Hedy Epstein hasn’t changed much in the last thirty years.

When I knew her, university classes did not include semester-long studies of the Holocaust. Holocaust centers and museums were yet to become natural aspects to the way Americans memorialized twentieth-century history.

Hedy lived through the terrors of Nazi Germany. She escaped via the Kindertransport. She spoke often of the last moments with her parents – watching as their figures grew smaller and smaller as the train pulled away from the station.

They did not survive.

Hedy went back to Germany after World War II ended – to translate documents and records needed to prosecute the architects of medical experiments (read: crimes) at Dachau. Eventually, she moved to America.

During the mid 1980’s, she visited my classes on the Holocaust at the University of Missouri-Columbia, bringing small remnants of her past with her. I remember that she had a tin cup that relatives used while interned in a Vichy concentration camp.  The cup was used for all liquids, she explained. Eventually my students understood that the cup was used as a toilet as well as a drinking vessel.
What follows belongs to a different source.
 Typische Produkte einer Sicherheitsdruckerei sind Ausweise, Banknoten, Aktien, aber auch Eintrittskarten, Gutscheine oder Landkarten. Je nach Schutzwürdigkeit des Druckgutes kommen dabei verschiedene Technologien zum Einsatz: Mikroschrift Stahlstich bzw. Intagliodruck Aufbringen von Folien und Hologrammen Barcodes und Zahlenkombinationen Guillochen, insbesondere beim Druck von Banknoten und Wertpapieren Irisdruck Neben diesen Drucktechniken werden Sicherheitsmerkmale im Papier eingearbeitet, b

She described each tormented aspect of her young life — being forced out of school, the breaking and plundering and torching of Jewish stores and synagogues during Kristallnacht, her father’s internment at Dachau, her parents’ justified fears for her survival, the finality of their murder.
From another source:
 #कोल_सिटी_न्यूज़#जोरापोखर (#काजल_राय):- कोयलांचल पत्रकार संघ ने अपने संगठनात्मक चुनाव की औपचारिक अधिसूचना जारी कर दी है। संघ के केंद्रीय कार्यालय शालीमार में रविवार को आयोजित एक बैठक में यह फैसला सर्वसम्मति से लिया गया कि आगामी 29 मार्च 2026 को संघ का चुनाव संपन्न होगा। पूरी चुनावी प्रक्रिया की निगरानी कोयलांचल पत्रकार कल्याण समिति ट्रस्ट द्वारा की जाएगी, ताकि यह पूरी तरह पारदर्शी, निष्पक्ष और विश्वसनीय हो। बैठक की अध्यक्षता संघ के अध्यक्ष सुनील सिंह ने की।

A picture of Hedy Epstein was in The Charlotte Observer just days ago. She was one of hundreds of children of Holocaust victims and Holocaust survivors to sign an enraged condemnation of the ad Elie Wiesel took out in the New York Times on August 1.
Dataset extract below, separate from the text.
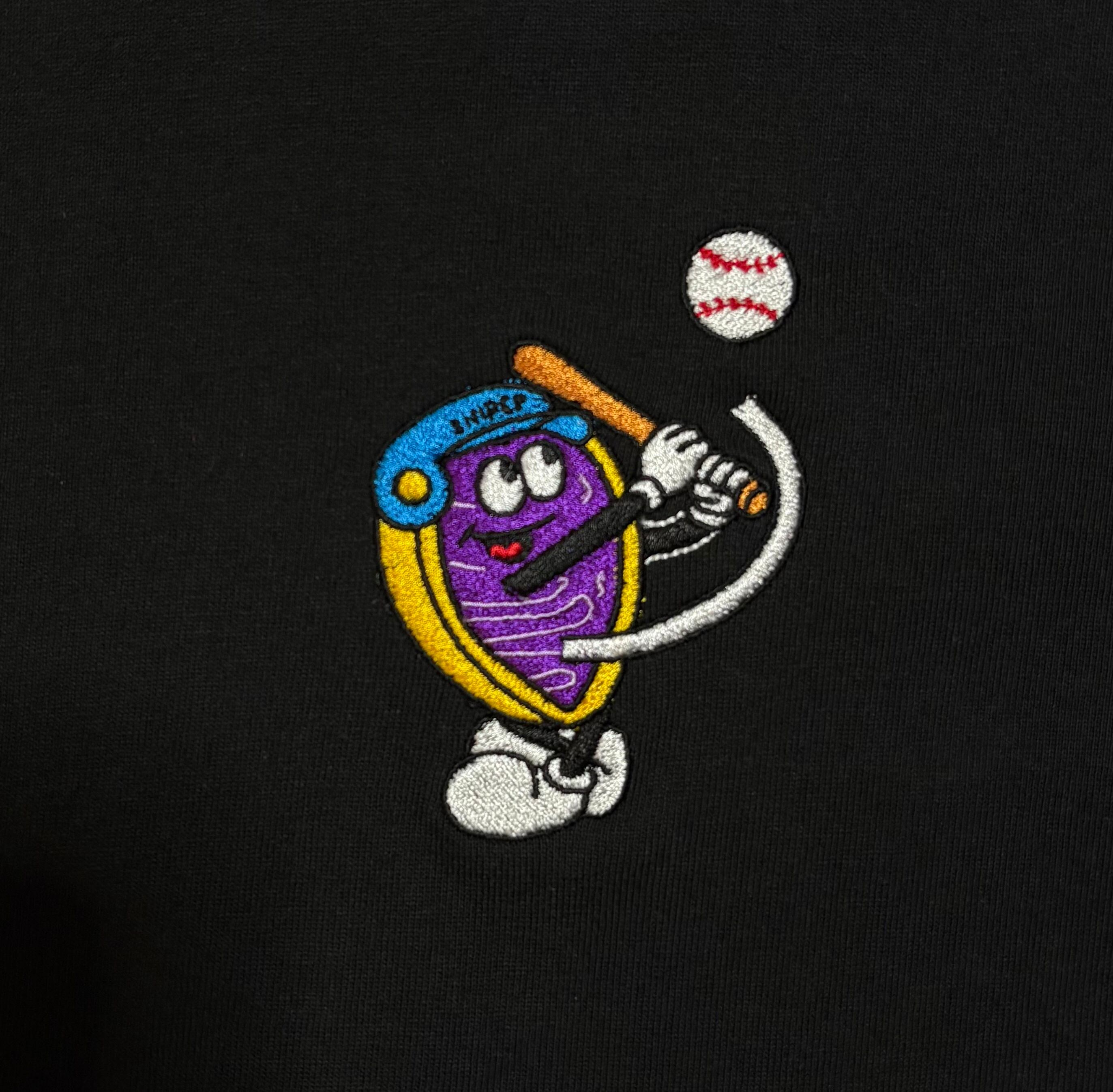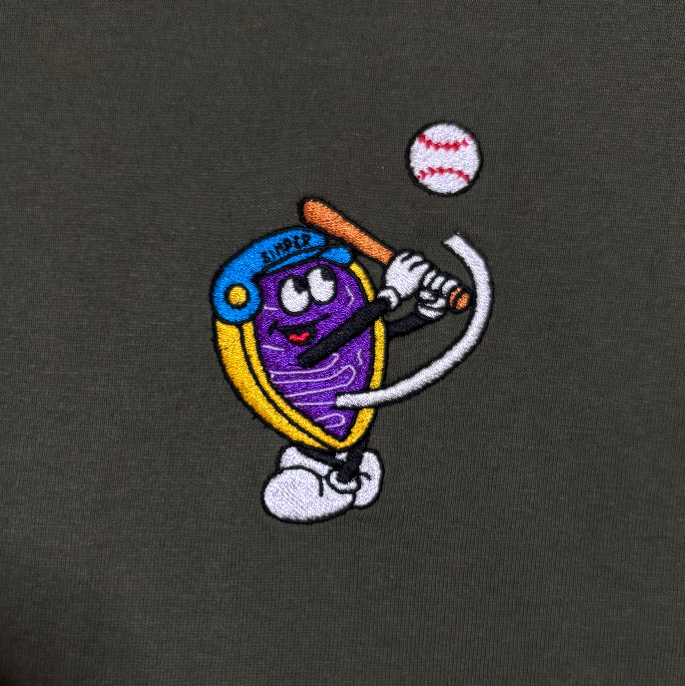 沖縄名物の紅芋タルトのキャラクターが沖縄で大人気の野球を可愛くカッコよく刺繍にて仕上げています。ワンポイントのロゴなので、シンプルで合わせやすいデザイン。

Elie Wiesel, a survivor of Auschwitz and a towering presence, a prolific author and the winner of the Nobel Peace Prize, began his ad by referring to the near-sacrifice of Isaac. The biblical narrative that rejected child sacrifice, he wrote, should be understood as the start of monotheism and western civilization.

This claim alone is deeply disturbing. It reflects a terrible and astonishing ignorance of the history of the Ancient Near East and Israel that I find hard to associate with Wiesel.

There is much, much worse here than clichés about the origins of civilization. Wiesel compares the deliberate annihilation of one million children by Nazi Germany to the use of children as human shields in the recent weeks of war between Israel and Hamas. But genocide is not the same thing as the long-standing and historical capacity of human beings to make civilians — especially children — pay the terrible costs of war.

I am not minimizing the latter. But equating all things violent with the Holocaust is a horror of our times. Wiesel should know better than to engage in the appropriation of the Holocaust to fight a political battle.

Further, one simply has to wonder how Wiesel manages to exonerate Israel from any guilt whatsoever in the death of Palestinian children. He writes that it is “the terrorists who have taken away all choice from the Palestinian children of Gaza.”

Wait, what? Nothing Israel has ever done has contributed to the debased conditions so many Palestinian children endure? Does Israel bear no responsibility whatsoever for the lack of access to anything from food to water to medical care that has been part and parcel of life for so many Palestinian children? Nothing about the wall or checkpoints influences the lives of Palestinian children and the choices they can make about their future?

Is nothing about the way Prime Minister Netanyahu parlayed the death of three Israeli teens to gain support to, as the Israeli military calls it, “mow the grass” relevant to the choices Palestinian children have?

Wiesel paints the conflict as a “battle of civilization versus barbarism.” Is every aspect of the terrible destruction we have witnessed the product of “civilization” at war with “barbarism”? How could Elie Wiesel produce this simple-minded sound bite?

Barbarism is not simply the product of uncivilized descendants of the ancient world. Ordained rabbis in Israel have openly called for the wholesale destruction of the Palestinian people.

I think of Hedy, describing that scene at the station, watching her parents faces as the train pulled away.

The sources of barbaric, brutal, evil behaviors and evil outcomes are many and varied. No one will be served by denying that Jews, too, are capable of them.